On Tuesday, during an interview with AHIP’s Robert Zirkelbach, David Shuster suggested that private insurers opposed the public health insurance option because “the for profit insurance companies are terrified that if there is a public option that competes with what you do, people are going to leave the insurance companies and go to the government plan and people are going to lose profits.”
Without contesting Shuster’s characterization, Zirkelbach argued that a public option would underpay medical providers and put some doctors and hospitals out of business. “The way a government plan would save money,” Zirkelback explained, “is that they would simply dictate the prices that they pay for services. Right now, Medicare only reimburses hospitals about 85% of their cost. It’s employees and families that are paying $1500 a year to subsidize the Medicare program. ”
Most insurers, however, tee their payment rates for physicians off Medicare reimbursement rates. Medicare’s physician fee rates are based on the relative cost of providing services determined something called the Resource-Based Relative Value Scale (RBRVS). A panel of medical doctors, through the American Medical Association, updates the relative work values every five years based on: the time it takes to perform the service, the technical skill and physical effort, the required mental effort and judgment, stress due to the potential risk to the patient, malpractice rates in the area, and other geographic adjustments to reflect cost variation before coming up with a number. The process is also open to public comment and private health insurers — along with anyone else — have an opportunity to weigh in on the process and the rates
Zirkelbach’s explanation for why a new public option (which would pay Medicare-like rates) would shift costs to Americans with private insurance is similarly disingenuous. He assumes that private plans are always right in setting reimbursement rates. According to MedPAC, however, Medicare rates are adequate and consistent with the efficient delivery of services. In fact, over-payments by private insurers to health-care providers drives up overall costs. “Hospitals which didn’t rely on high payment rates from private insurers ‘are able, in fact, to control their costs and reduce their costs when they need to’ and ‘combine low costs with quality.’

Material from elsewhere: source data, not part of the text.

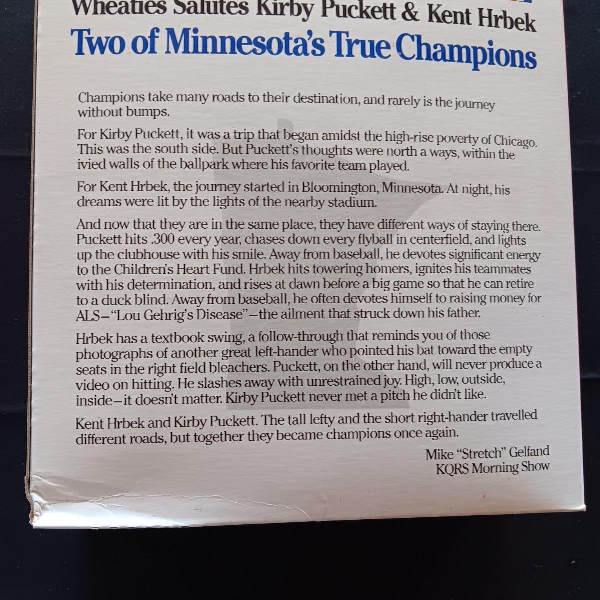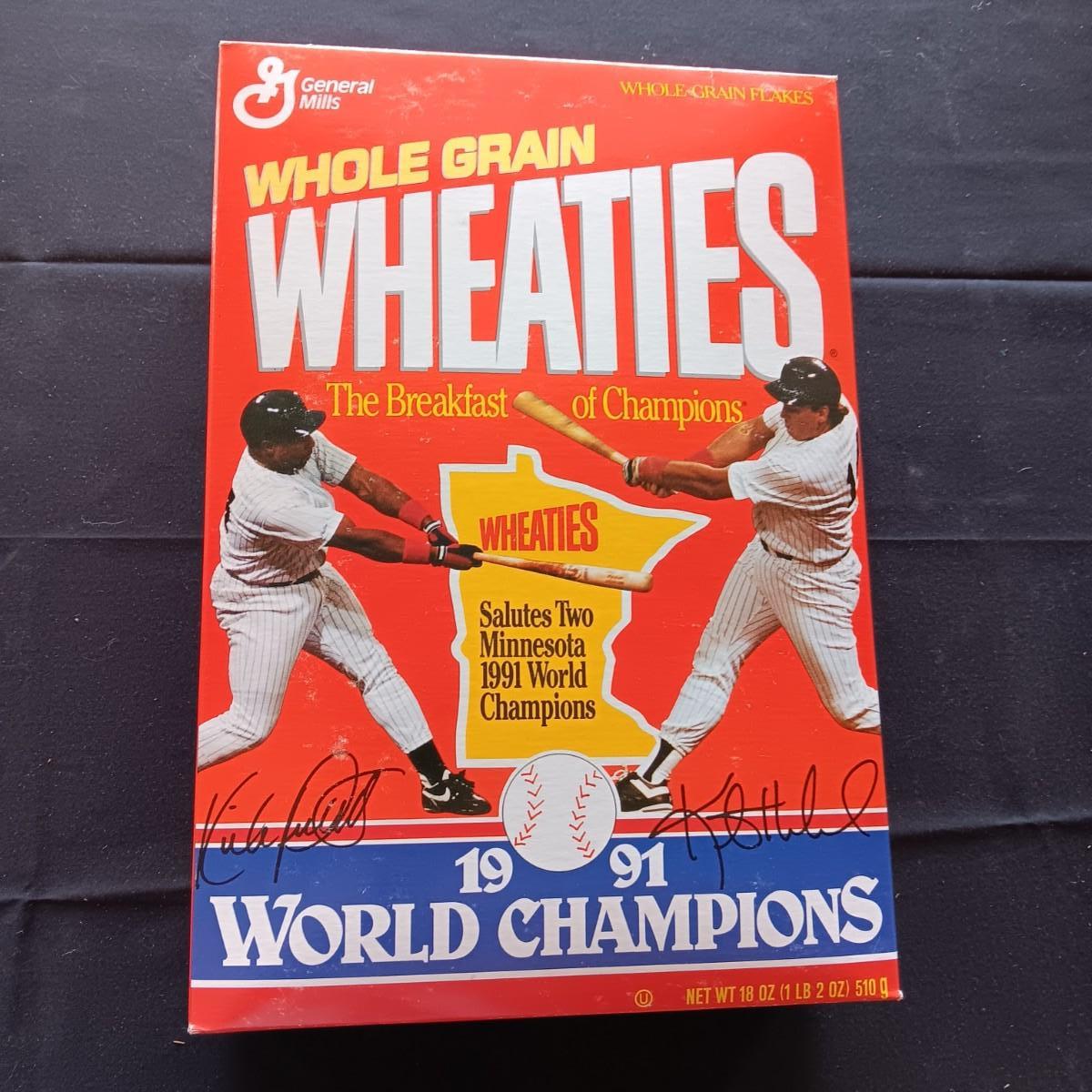 AUTOGRAPHED WHEATIES CEREAL BOX BY KIRBY PICKETT & KENT HRBEK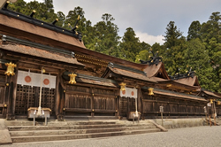明治22年(1889)の熊野川の大洪水により、大半が流出し、かろうじて残された上四社の社殿を、そのまま現在の場所に移築したのが熊野本宮大社だ。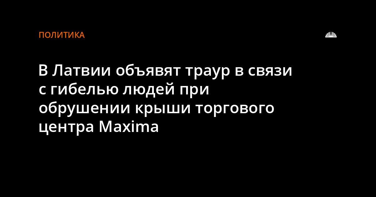 Президент Латвии Андрис Берзиньш объявил, что в стране в связи с гибелью людей при обрушении крыши торгового центра Maxima будет объявлен траур, сообщает РИА Новости.

SHUSTER: But Robert, those solutions did not include endorsing a public option, I mean it’s true that the insurance companies, the for profit insurance companies are terrified that if there is a public option that competes with what you do. People are going to leave the insurance companies and go to the government plan and people are going to lose profits. Isn’t that why you guys are opposed to this?

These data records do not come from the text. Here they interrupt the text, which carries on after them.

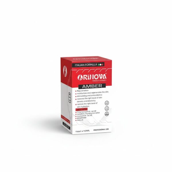 Rinova Amber هو محلول ميزوثيرابي متطور غني بالمكونات النشطة التي تعمل على تجديد خلايا البشرة، ترطيبها بعمق، وشد الجلد بفعالية.
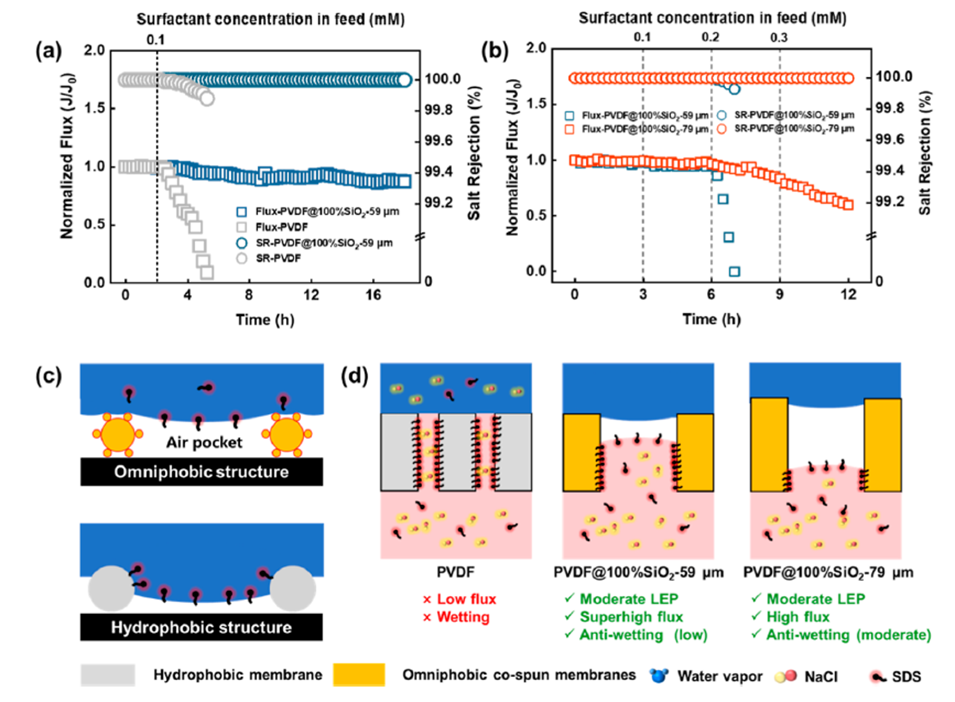 图5 (a)以含0.1 mM SDS的3.5 wt % NaCl溶液为进料,PVDF@100%SiO2-59 μm与PVDF膜的润湿实验。(b)随着SDS剂量的增加,PVDF@100%SiO2-59 μm和PVDF@100%SiO2-79 μm的润湿实验。(c)全疏气结构和疏水结构的示意图。(d)不同润湿动力学下PVDF膜、PVDF@ 100%SiO2-59 μm和PVDF@100%SiO2-79 μm的原理图。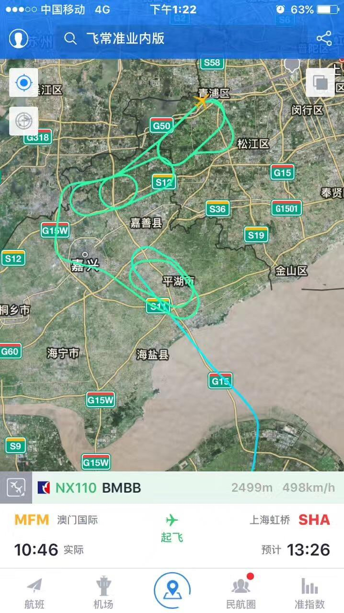一名从澳门回沪的网友发现,出于安全考量,自己乘坐的航班愣是在天上兜了好几个圈子才最终降落。
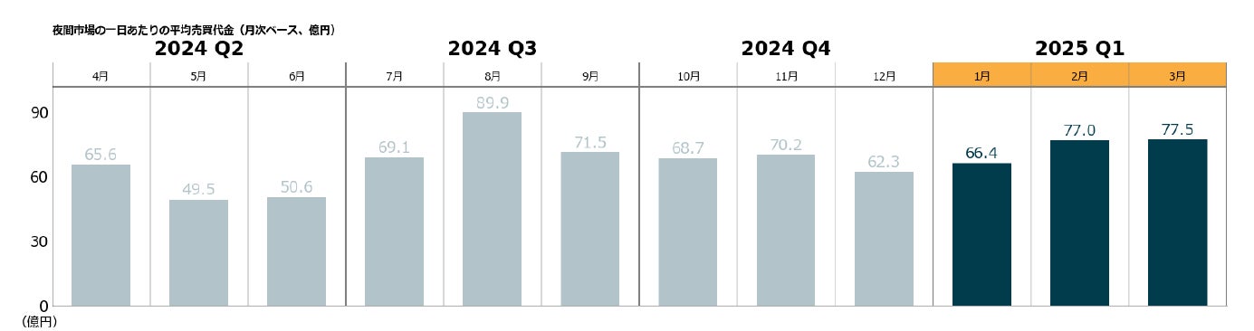 2025年第1四半期の「夜間市場」の一日あたり平均売買代金は、前四半期末から増加傾向を示し、3月には77.5億円となりました。売買代金が100億円を超える日も散見されるなど、好調なスタート状況となっております。

ZIRKELBACH: We do not support a government-run insurance plan, but consumers, employers, hospitals, doctors have always had concerns about this.

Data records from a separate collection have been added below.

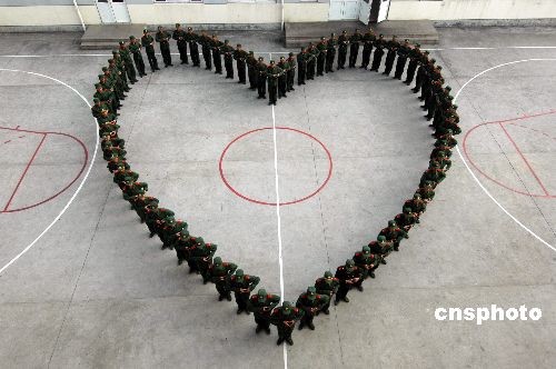 浙江溫州邊防支隊(duì)新兵連戰(zhàn)士們?cè)诨@球場(chǎng)上組成一個(gè)美麗的軍綠色“心”形圖案,給遠(yuǎn)方的父母和女友送去祝福。中新社發(fā) 吳水斌 攝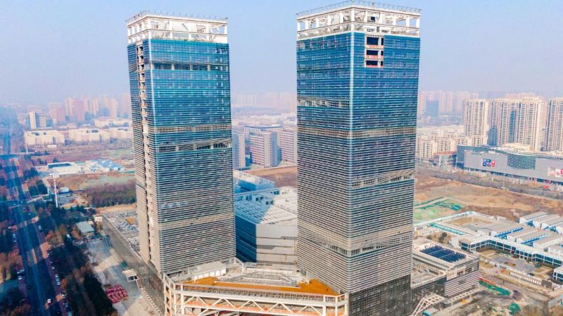 截至目前,项目一二号楼已完成主体施工,正在进行机电安装及幕墙收尾工作,三四五号楼已完成机电安装及外立面的幕墙安装,室外管线施工已完成,正在进行景观绿化施工,即将开始室内精装修施工,预计2025年建成投入使用。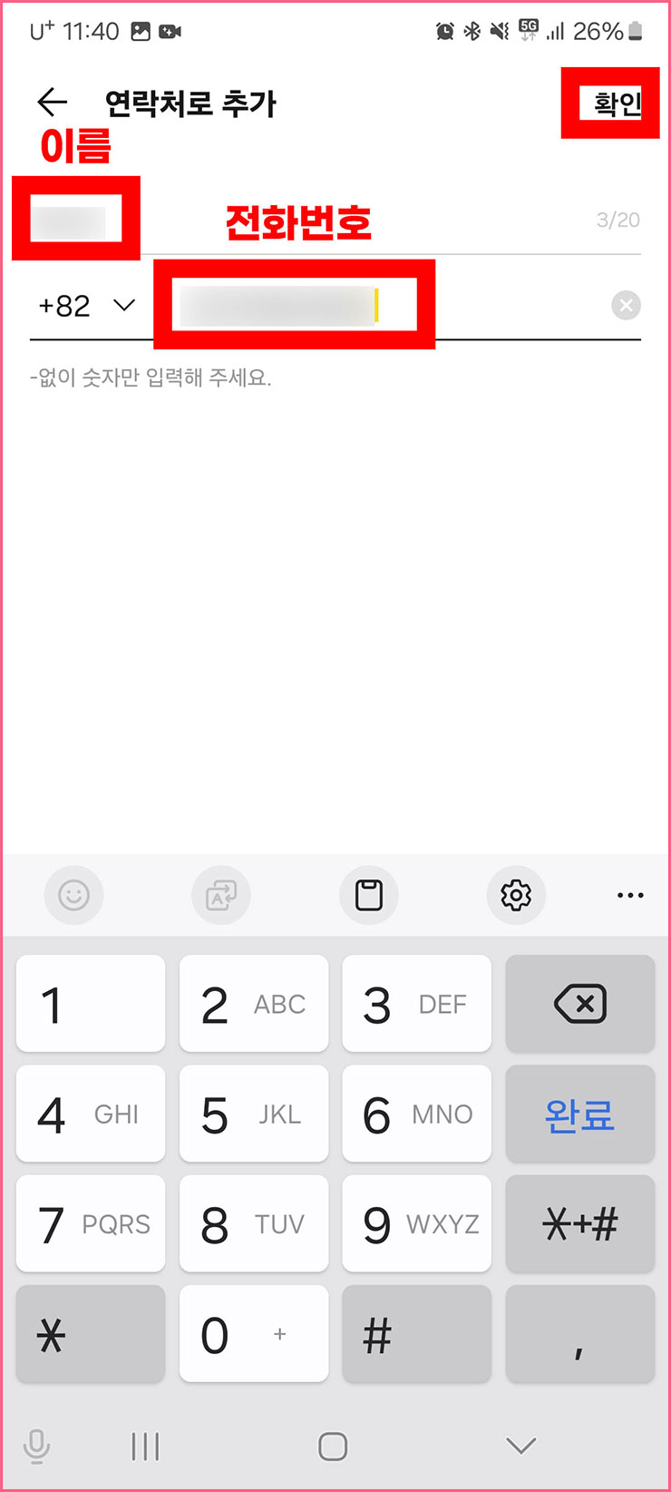11. '상대방의 이름'과 '전화번호'를 입력한 다음에 우측 상단에 있는 '확인'을 눌러주세요.

SHUSTER: It would cut into your business model, it would cut into profits if there is a government run plan that is cheaper for consumers. They will leave your plans and you guys will be left with lower profits, right?
ZIRKELBACH: What it means is that there are people who will be unable to keep the coverage that they currently have and like. It’s going to mean that hospitals across the country aren’t going to be able to keep their doors open and it’s going to add significant liabilities to the federal budget. Those are the kinds of concerns that people are raising and the stakeholder community is raising, and that’s why we’re seeing such a focus on this issue.
SHUSTER: But just to be clear Robert, it only adds significant liabilities if it is not paid for and all of the plans would pay for the public option. So we just have to be clear about that in the debate.
ZIRKELBACH: Well actually, are talking about is the way a government plan would save money is that they would simply dictate the prices that they pay for services. Right now, Medicare only reimburses hospitals about 85% of their cost. It’s employees and families that are paying $1500 a year to subsidize the Medicare program.
SHUSTER: Right, and out of all of the premiums that are paid about 47 percent, according to a University of Minnesota study, goes to the private health insurance companies known as loading fees. In other words, your paperwork, your marketing, your profits eat up nearly 50 cents of every dollar that Americans kick in. That’s one of the reasons that people are trying to change it, because they feel your industry is not entitled to take the money we give and put it in your pocket. People want health care for the money they pay.
ZIRKELBACH: The government data simply does not back that up. If you look at all the money we spend on health care in this country, less than one penny for every dollar in health expenditures goes towards health plan profits and administrative costs in total are only 12% in total and that includes investments in health information technology.